(TASK DIRECTIONS)
Restate the data word for word and leave the images out.
++++ DATA PROVIDED
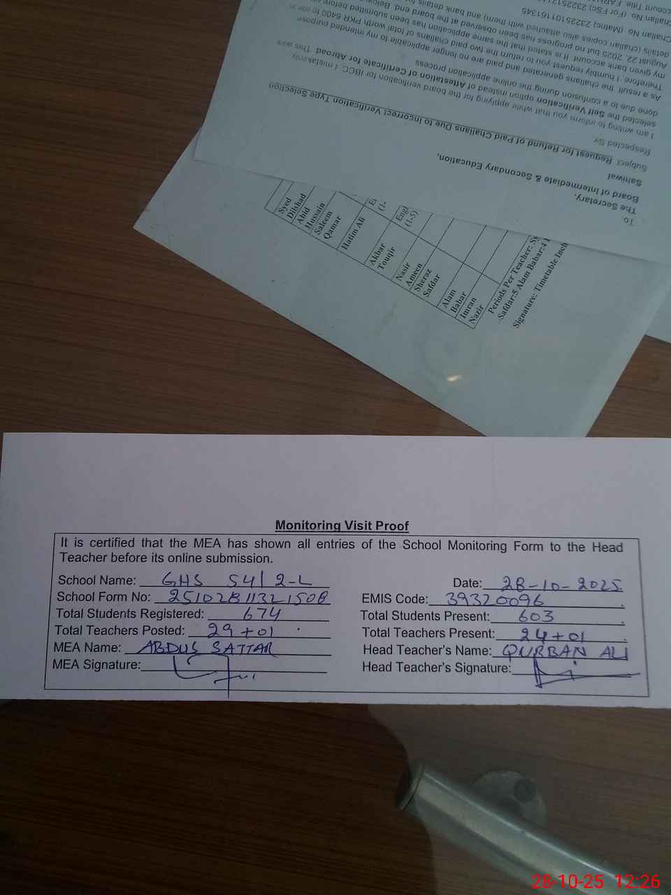 | Attendance Register | Head Teacher | MEA with School | Visit Proof |
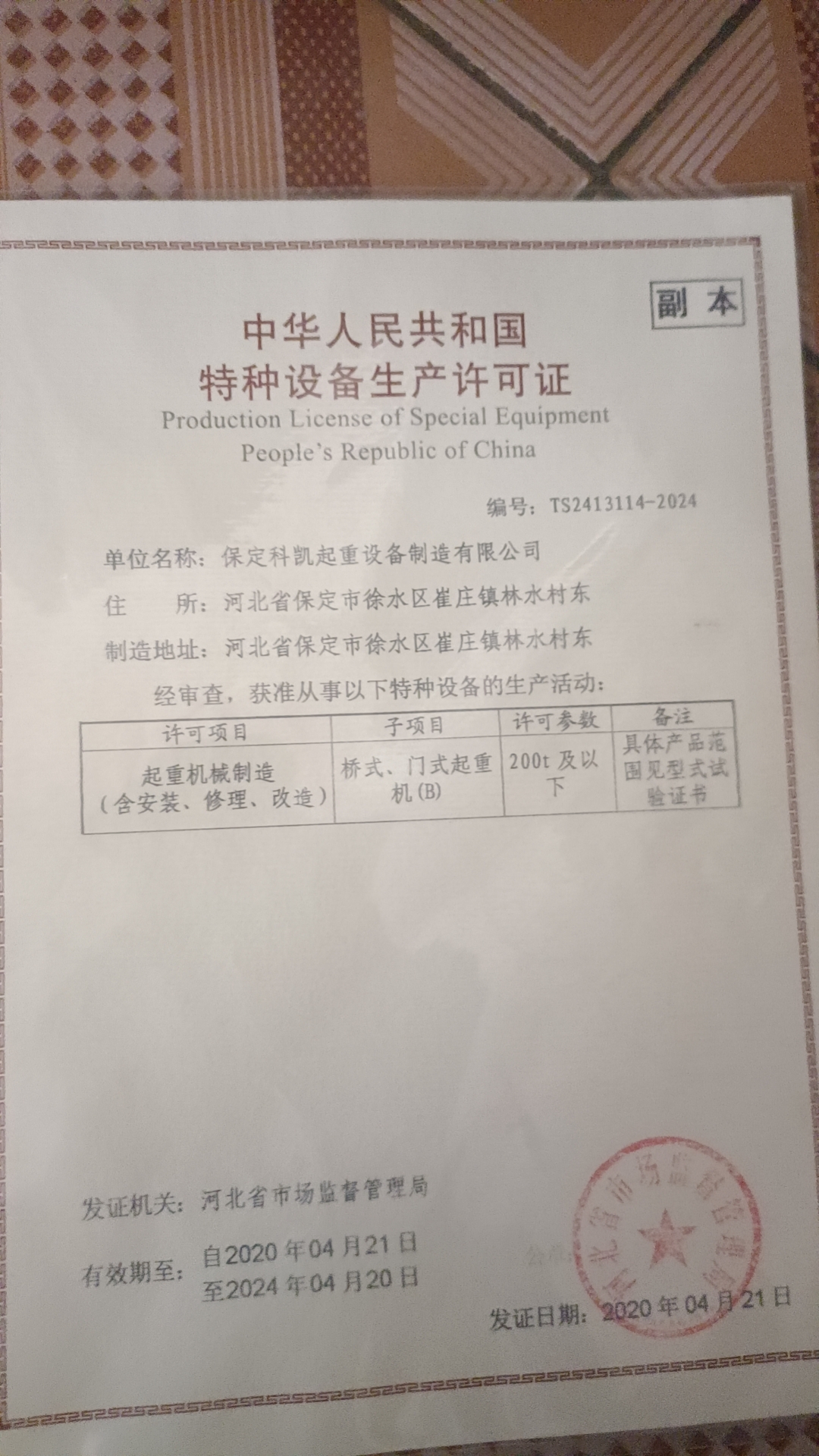 | 發(fā)證機(jī)構(gòu): | 河北省市場監(jiān)督管理局 | 發(fā)證時(shí)間 : | 2020-04-21 |
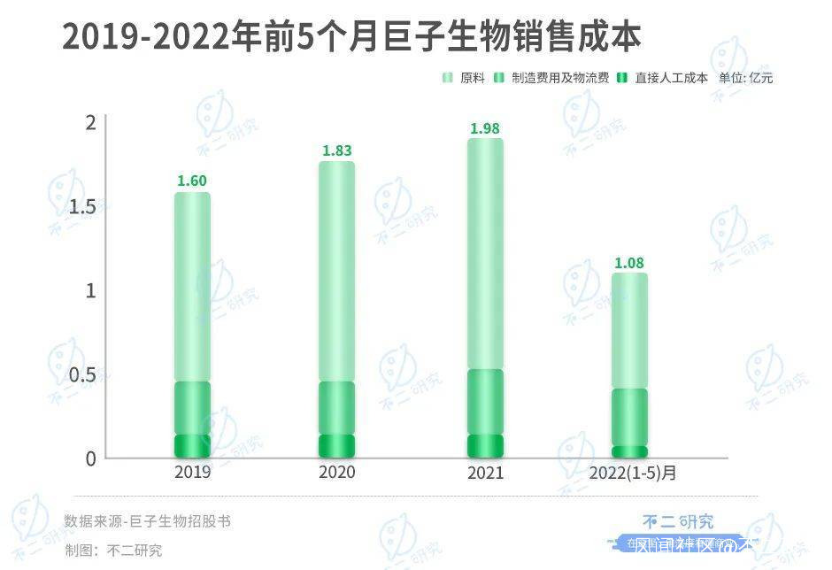 較高的毛利率來自於產業鏈中的主導權。在膠原蛋白領域,鉅子生物覆蓋了從原料端到終端產品的全鏈條,因此具備較強的成本控制能力。招股書顯示,2019-2021年及2022年前5個月,鉅子生物銷售成本僅分別為1.60億、1.83億、1.98億和1.08億,包括原料採購、製造費用及物流等費用。
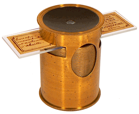 Pour observer une préparation, il faut l'introduire dans le corps du microscope en abaissant une platine cylindrique interne qu'un ressort tend à repousser vers l'œilleton. La mise au point s'effectue ensuite par tirage de cet œilleton qui porte le système de lentilles. On peut regretter que rien ne facilite l'opération de mise en place et de retrait de la lame comme c'est le cas sur d'autres modèles. Les photographies qui suivent montrent deux autres instruments possédant le même dispositif à ressort : ils offrent, pour simplifier la manipulation, soit deux larges ouvertures ménagées sur le corps du microscope, soit deux ergots solidaires de la platine interne. Il est ainsi possible d'abaisser la platine mobile d'une main, d'introduire la préparation de l'autre main puis de relacher doucement la pression sur la platine jusqu'au blocage. |
++++++++
(WORKED SOLUTION)
 | Attendance Register | Head Teacher | MEA with School | Visit Proof |
 | 發(fā)證機(jī)構(gòu): | 河北省市場監(jiān)督管理局 | 發(fā)證時(shí)間 : | 2020-04-21 |
 較高的毛利率來自於產業鏈中的主導權。在膠原蛋白領域,鉅子生物覆蓋了從原料端到終端產品的全鏈條,因此具備較強的成本控制能力。招股書顯示,2019-2021年及2022年前5個月,鉅子生物銷售成本僅分別為1.60億、1.83億、1.98億和1.08億,包括原料採購、製造費用及物流等費用。
 Pour observer une préparation, il faut l'introduire dans le corps du microscope en abaissant une platine cylindrique interne qu'un ressort tend à repousser vers l'œilleton. La mise au point s'effectue ensuite par tirage de cet œilleton qui porte le système de lentilles. On peut regretter que rien ne facilite l'opération de mise en place et de retrait de la lame comme c'est le cas sur d'autres modèles. Les photographies qui suivent montrent deux autres instruments possédant le même dispositif à ressort : ils offrent, pour simplifier la manipulation, soit deux larges ouvertures ménagées sur le corps du microscope, soit deux ergots solidaires de la platine interne. Il est ainsi possible d'abaisser la platine mobile d'une main, d'introduire la préparation de l'autre main puis de relacher doucement la pression sur la platine jusqu'au blocage. |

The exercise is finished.